** Opening Data records block **
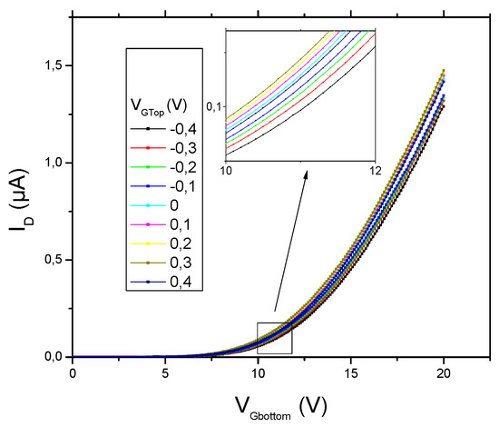 Influence of the top gate voltage on the transfer characteristics.
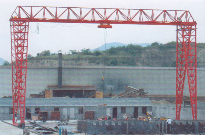 門式起重機(jī)是橋式起重機(jī)的一種變形,又叫龍門吊。主要用于室外的貨場(chǎng)、料場(chǎng)貨、散貨的裝卸作業(yè)。它的金屬結(jié)構(gòu)像門形框架,承載主梁下安裝兩條支腳,可以直接在地面的軌道上行走,主梁兩端可以具有外伸懸臂梁。門式起重機(jī)具有場(chǎng)地利用率高、作業(yè)范圍大、適應(yīng)面廣、通用性強(qiáng)等特點(diǎn),在港口貨場(chǎng)得到廣泛使用。
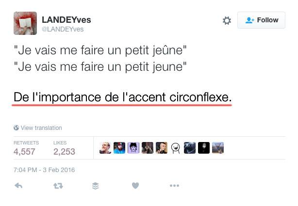 exemples vus sur le web pour les fameux accents circonflexes...non, ils ne sont pas là pour faire joli ou pour faire snob...ils contribuent au sens des mots...
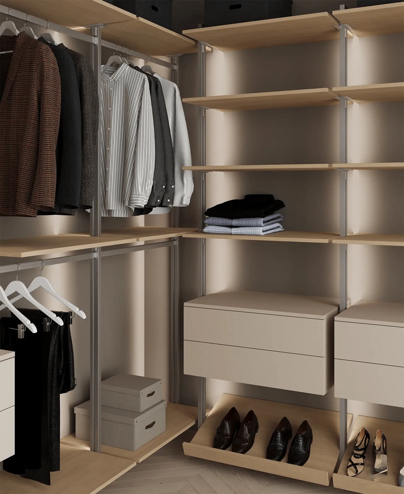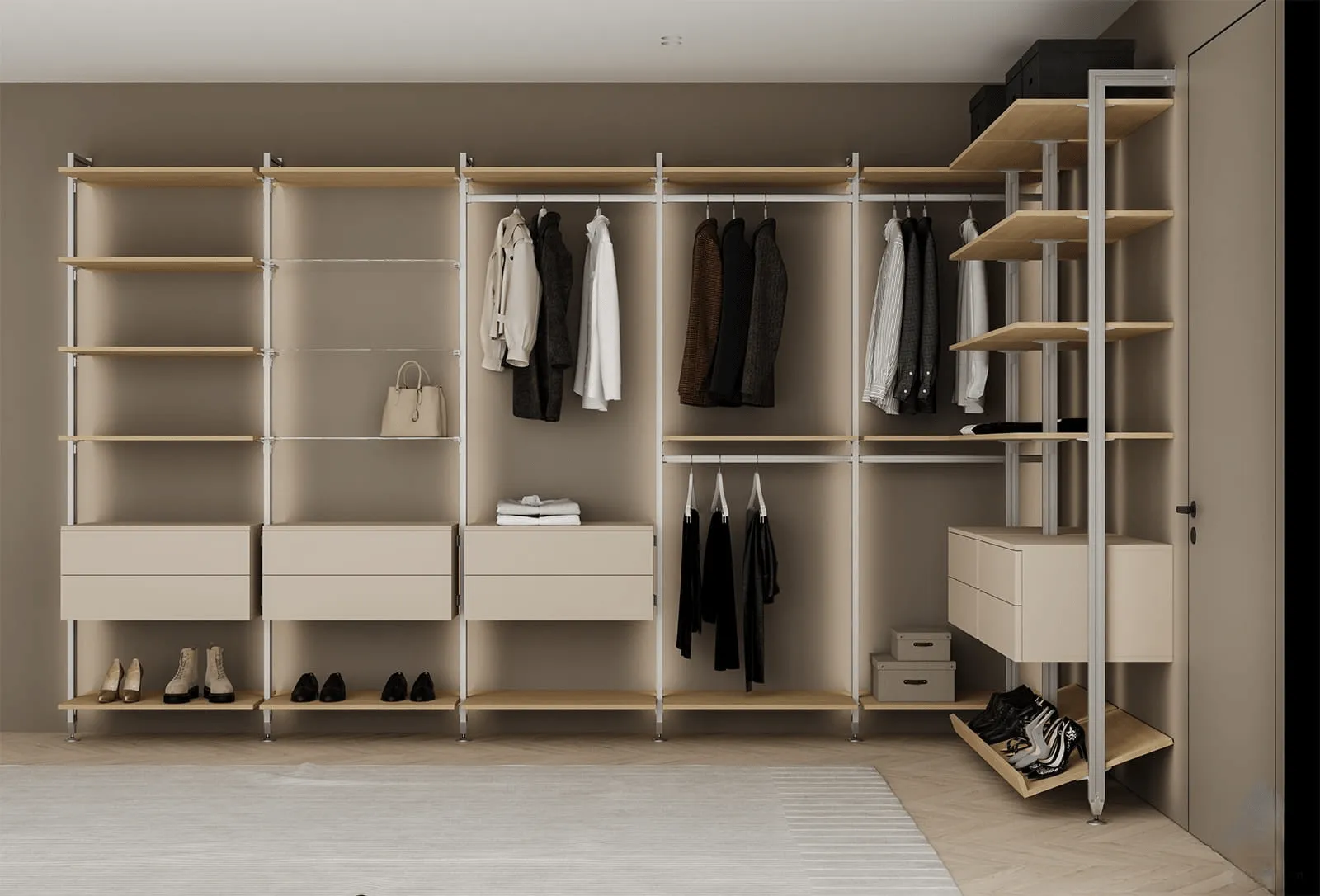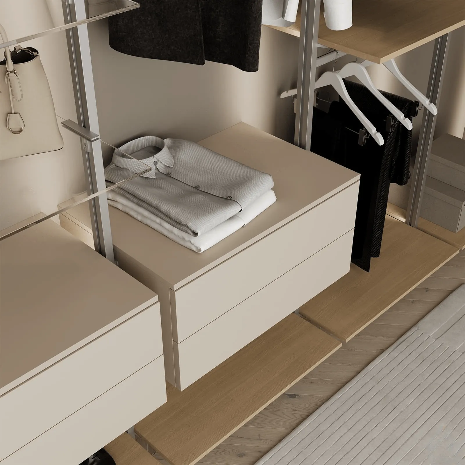 Навесные элементы: ЛМДФ (толщина 18 мм), декор Бежевый Супрамат / шпон дуба (толщина 19 мм), цвет #189 (масловоск Белый) / стекло прозрачное (толщина 6 мм)
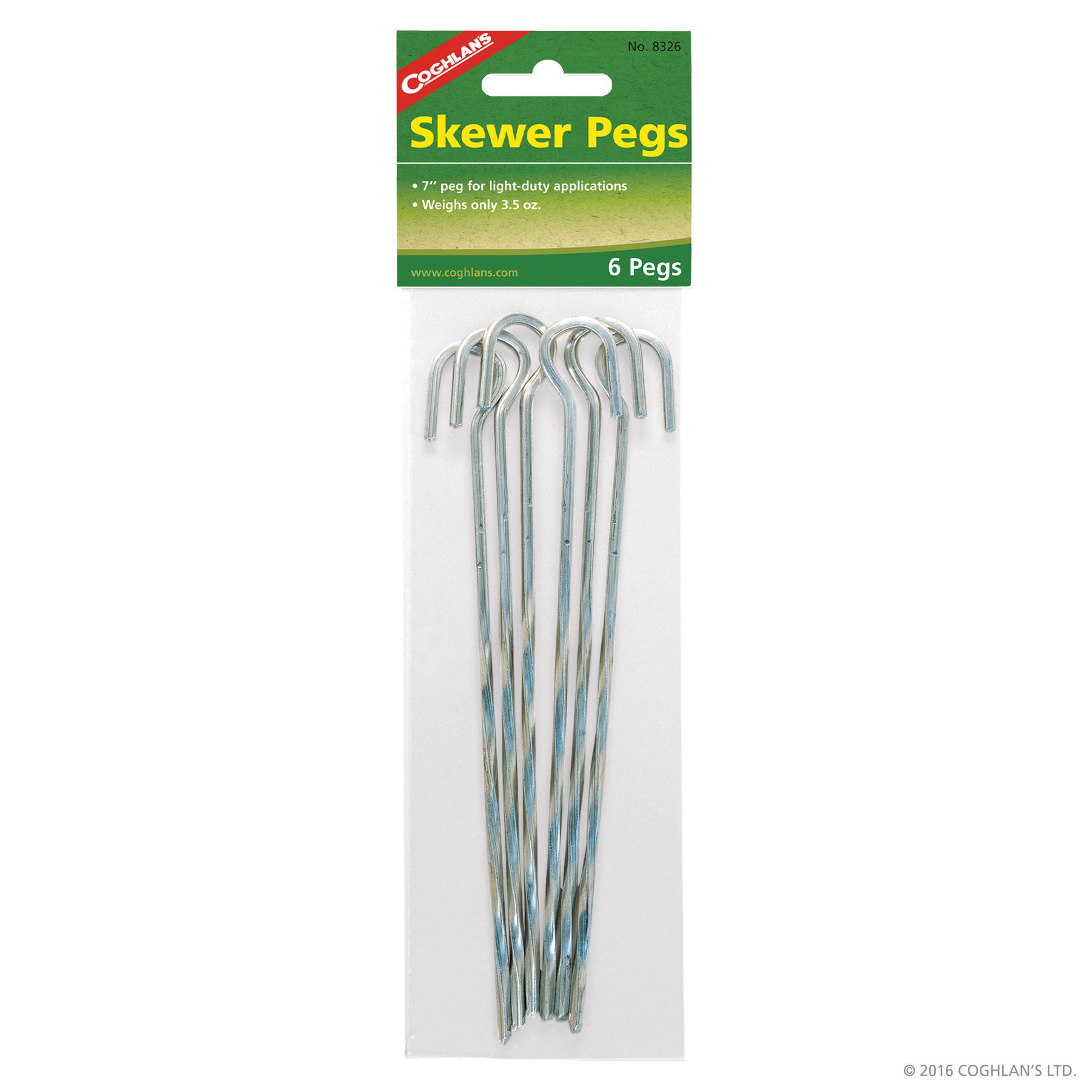 7 inch steel skewer tent pegs including a twisted square steel rod which provides improved holding power (in a 6-pack).
** Closing Data records block **
## Exercise description
Can the entries above be repeated exactly, without their pictures?

## Response area
 Influence of the top gate voltage on the transfer characteristics.
 門式起重機(jī)是橋式起重機(jī)的一種變形,又叫龍門吊。主要用于室外的貨場(chǎng)、料場(chǎng)貨、散貨的裝卸作業(yè)。它的金屬結(jié)構(gòu)像門形框架,承載主梁下安裝兩條支腳,可以直接在地面的軌道上行走,主梁兩端可以具有外伸懸臂梁。門式起重機(jī)具有場(chǎng)地利用率高、作業(yè)范圍大、適應(yīng)面廣、通用性強(qiáng)等特點(diǎn),在港口貨場(chǎng)得到廣泛使用。
 exemples vus sur le web pour les fameux accents circonflexes...non, ils ne sont pas là pour faire joli ou pour faire snob...ils contribuent au sens des mots...
 Навесные элементы: ЛМДФ (толщина 18 мм), декор Бежевый Супрамат / шпон дуба (толщина 19 мм), цвет #189 (масловоск Белый) / стекло прозрачное (толщина 6 мм)
 7 inch steel skewer tent pegs including a twisted square steel rod which provides improved holding power (in a 6-pack).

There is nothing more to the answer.